Newsweek essay by Ramin Satoodeh stated: "In the decade since Columbine, there have been countless efforts to make sense of that day: memoirs, books, movies, even a play opening in Los Angeles in April. The definitive account, however, will likely be Dave Cullen's Columbine, a nonfiction book that has the pacing of an action movie and the complexity of a Shakespearean drama... Cullen has a gift, if that's the right word, for excruciating detail. At times the language is so vivid you can almost smell the gunpowder and the fear... The Columbine killers were a strange and deeply disturbed pair, right out of a Truman Capote book. We've heard plenty of the details about Klebold and Harris—their fixation with the Nazis, their lust for violence, the homemade tapes in which they laid out their grand scheme for us to watch later—but Cullen, despite all odds, manages to humanize them... Cullen also debunks some of the biggest fallacies."[20]
Columbine has won the following awards.
Columbine was a finalist for the following awards.
Columbine was named on many Best of 2009 lists, including these.
The Columbine paperback edition (released in 2010) reveals details of four secret meetings involving all four parents of the killers. This unforeseen development provided the first real public insight into the mindsets of Wayne and Kathy Harris. The awkward encounters play out in the new "Afterword" added to the paperback.[46] Further descriptions of the meetings with Wayne and Kathy Harris appear in The Daily Beast feature, "The Last Columbine Mystery," by the same author, published at the time of the paperback release.[47]
The Afterword also includes updates about two bereaved parents and one wounded survivor of the Columbine shootings, and their starkly different perspectives on "forgiveness". The three individuals in question are Linda Mauser (mother of victim Daniel Mauser), Bob Curnow (father of victim Steven Curnow) and Valeen Schnurr, respectively.
The expanded paperback edition of 2010 also adds scans from the killers' numerous journals,[48] a diagram of the attack,[49] and book club questions.[50]
Columbine has been widely adopted as a textbook in high school English and Social Studies classes, as well as college journalism classes. The author created a free Columbine Teacher's Guide, as well as classroom videos and related material which have been widely downloaded from the internet.[51] The guide includes units on teen depression, P.T.S.D. and overcoming adversity.
Several educational associations singled out the book for students and teachers. The American School Board Journal chose it as the "Top Education Book for 2009". It also called it "one of the best education books of the past 10 years."[52] The American Library Association selected Columbine as a finalist for its "Alex Award for Young Adult Readers."[23] In 2011, the Illinois School Library Media Association nominated Columbine for its "Abraham Lincoln Award: Illinois' High School Readers' Choice Award", which was open to student voting through February 2012.[25]

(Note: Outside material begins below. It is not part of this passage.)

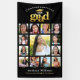 Anuncia al mundo que tu graduado favorito ha alcanzado su meta con este gráfico, impresionante, simple, moderno y personalizado banner de recuerdo de graduación de escuela secundaria K - 12. Una divertida y juguetona visual con tipografía blanca en negrita, tipografía de graduado con foil dorado falso e icono de gorra, junto con su nombre, año de clase, escuela y 13 fotos de tu elección, sobre un fondo dramático y negro. Personaliza el texto personalizado con el nombre de tu graduado, escuela y año de clase. Elige entre opciones de interior o exterior. ¡Garantizado para preservar los recuerdos queridos de su ocasión especial!
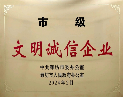 來自濰坊市精神文明建設委員會消息,集團公司榮獲2023年度“濰坊市文明誠信企業”榮譽。同時順利通過集團公司市級文明單位年度(2023年度)復查。

The book has been under development for television with Killer Films, Lifetime and NBC Universal.
The theatrical rights to the book were briefly acquired after the book's publication, by Kathleen Kennedy and Frank Marshall. The producers instead chose to adapt the book into a one-act play entitled The Library. The play was written by screenwriter Scott Z. Burns and directed by Steven Soderbergh. The original ensemble cast included Chloë Grace Moretz, Lili Taylor and Michael O'Keefe.[53]
The book has been translated into Japanese, Korean, Portuguese and Russian, with translations underway in Simplified Chinese and Polish.[54]